Though Hegel comes nearest to the solution of the great difficulty of modern times, still he stops short of the real aim of life, and for substantial realities would give us empty phantoms. He, as well as Comte and Herbert Spencer, ignores the most strongly attested principles of thought and existence, and heeds not the loudest asseverations of human nature concerning its future destiny, the immortal spark that gives it life, and the personal God from whom it came. This doctrine of indefinite progressiveness and of instinctive finality, by which all nature, under the impulse of the Idea, tends to perfection, has no foundation in reason. For how can nature proceed towards an end it knows not? -- As well might you say it can see by a light that does not exist. The philosophy of the indefinite can give only a literature of the indefinite. Its key-note is the vague. Aspirations unfulfilled, yearnings unsatisfied, life without a purpose: these are the normal themes of such a literature. If the Hegelian refuses to consider the indefinite future, and confines himself to the Idea animating society and constructing history, he can find no ideal beyond the actual world in which we live and move. A critic of Hegel has well remarked: "The philosophy of the Absolute in Hegel does not recognize the true ideal. The ideal for him is simply reality. The world is the system of ideas eternally developed by dialectics. There is to be found no practical ideal, no moral ideal."{6} The logical outcome of Hegelism from this point of view is realism in literature, and realism is the bane of literature. A philosophy in its fundamental principle purely dialectic must needs induce reaction, and Hegelism is no exception. The reactionary phase most destructive of thought and aspiration is Pessimism. Let us consider its nature and its influence.
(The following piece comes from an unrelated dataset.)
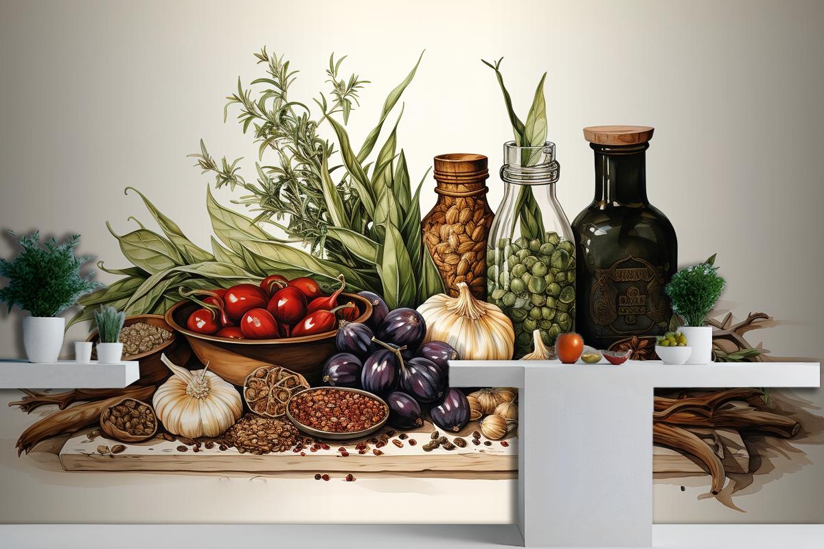 Spices And Herbs On Table Food And Cuisine Ingredients On Table Wallpaper Mural

{1} "Durch die spekulative Erkenntniss in ihr wird es erweisen, dass die Vernunft -- bei diesem Ausdrucke können wir heir sethen bleiben, ohne die Bezeihung und das Verhältniss zu Gott naher zu erörtern -- die Substans wie die unendlich Macht, sich selbst der unendliche Stoff alles natürlichen und geistigen Lebens, wie die unendliche Form, die Bethätigung dieses ihres Inhalts ist." -- Phil. der Geschichte, Einleitung, s. 12; Hegel's Werke, 9ter Band.
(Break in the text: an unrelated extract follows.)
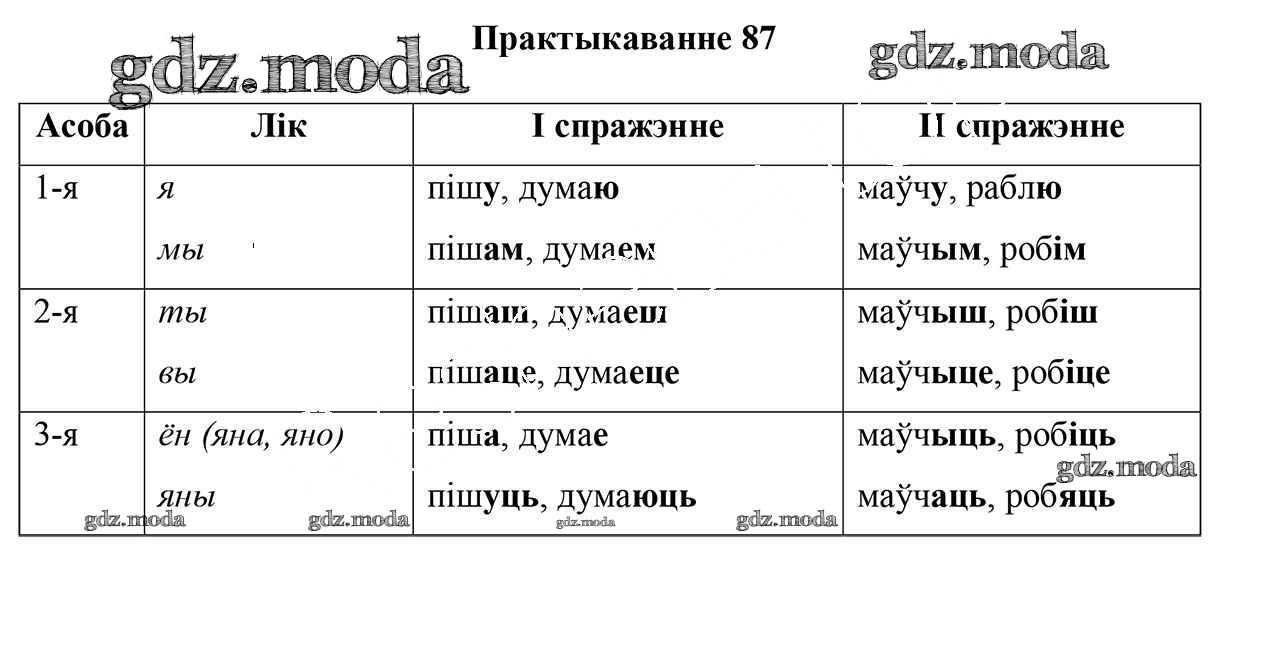 ГДЗ решение к заданию № 87 Белорусский язык 5 класс Валочка Г.М. Национальный институт образования 2019 Часть 1, Часть 2 ФГОС бесплатно на гдз.мода!

{2} Respondeo dicendum quod personal significat id quod perfectissimum est in tota natura; scilicet subsistens in rationali natura. Summa, i, i., quaest xxix, art. iii.
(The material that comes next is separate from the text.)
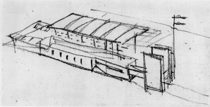 El proyecto pretende entrar en la escala del lugar, por lo cual se dispone como un sistema de mayores o menores contenedores de actividades varias en torno a un cuerpo principal; conjunto que suma y resuelve las necesidades del programa, permitiendo por sus volúmenes, forma, textura y color, entenderse como volúmenes depositados sobre el muelle.

{3} Persona est rationalis naturae individua substantia. This definition St. Thomas adopts. Ibid. art. i.

{4} In diesem Sinne können wir sagen, dass die Weltgeschichte, die Darstellung is, wie der Geist zu dem Bewusstsein dessen kommt, was er an sich bedeutet. -- Phil. der Geschichte, Einleitung.

{5} "Erst die germanischen Nationen sind im Christenthume zum Bewusstsein gekommen, dass der Mensch als Mensch frei, die Freiheit des Geistes, seine eigenste Natur ausmacht; diess Bewusstsein ist zuerst in der Religion, in der innersten Region des Geistes aufgegangen." -- Ibid. Einleitung, Seit 23.

{6} Harms, Die Philosophie seit Kant, p. 434.